▶ Task goal
Extract the full listing verbatim and drop any pictures from your copy.

Segment Start: Study material

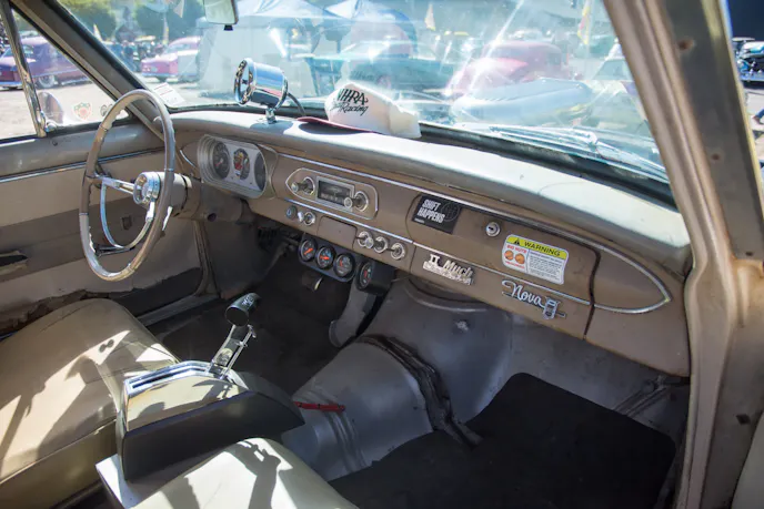The gasser style is something we haven’t seen done all that often to an early Nova. The classic look of a gasser really brings out the personal style of the builder. It’s a great way to express their own interests and aesthetic taste. The gasser platform gives the builder ultimate freedom to create a high horsepower build in whatever way they want. This Nova is particularly unique, because the builder, Kenney Lohmeyer of Post Falls, Idaho, combined the gasser style with the patina look.
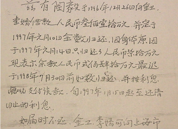 金先生告诉记者,1996年12月底借的钱,原定1997年元月悉数归还,但是陶毅归还了70万之后,就变得拖拖拉拉。没办法,拖了三个月后,我让陶毅给我打了一份《还款计划书》。查阅该书,有如下表述:兹有陶毅于1996年12月26日向金卫、李嫣借款人民币叁佰壹拾万元,并定于1997年元月10日全数归还,因身体原因致归还了柒拾万元,现表示余款最迟1998年7月30日前如数归还,并按利息(双方约定年息24%,当年银行年息为13.96%)支付该款。
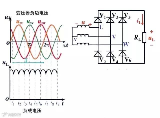 在一个周期中,每个二极管只有三分这一的时候导通(导通角为120度)。负载两端的电压为线电压。
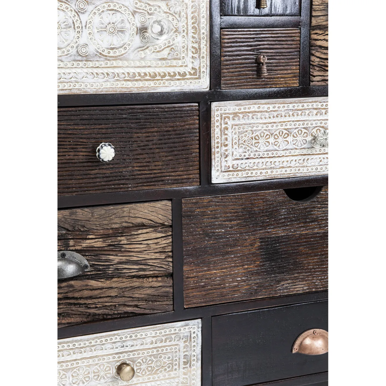 - Charming Design With 14 Different Drawers,Partly In Natural Wood And Partly Hand-Carved
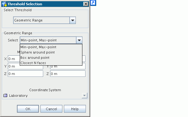 下面提供球阈值选择选项的示例。 透明球体不会显示在图形窗口中;为了进行说明,已添加此透明球体。

Segment End: Study material

▶ Response to the exercise
The gasser style is something we haven’t seen done all that often to an early Nova. The classic look of a gasser really brings out the personal style of the builder. It’s a great way to express their own interests and aesthetic taste. The gasser platform gives the builder ultimate freedom to create a high horsepower build in whatever way they want. This Nova is particularly unique, because the builder, Kenney Lohmeyer of Post Falls, Idaho, combined the gasser style with the patina look.
 金先生告诉记者,1996年12月底借的钱,原定1997年元月悉数归还,但是陶毅归还了70万之后,就变得拖拖拉拉。没办法,拖了三个月后,我让陶毅给我打了一份《还款计划书》。查阅该书,有如下表述:兹有陶毅于1996年12月26日向金卫、李嫣借款人民币叁佰壹拾万元,并定于1997年元月10日全数归还,因身体原因致归还了柒拾万元,现表示余款最迟1998年7月30日前如数归还,并按利息(双方约定年息24%,当年银行年息为13.96%)支付该款。
 在一个周期中,每个二极管只有三分这一的时候导通(导通角为120度)。负载两端的电压为线电压。
 - Charming Design With 14 Different Drawers,Partly In Natural Wood And Partly Hand-Carved
 下面提供球阈值选择选项的示例。 透明球体不会显示在图形窗口中;为了进行说明,已添加此透明球体。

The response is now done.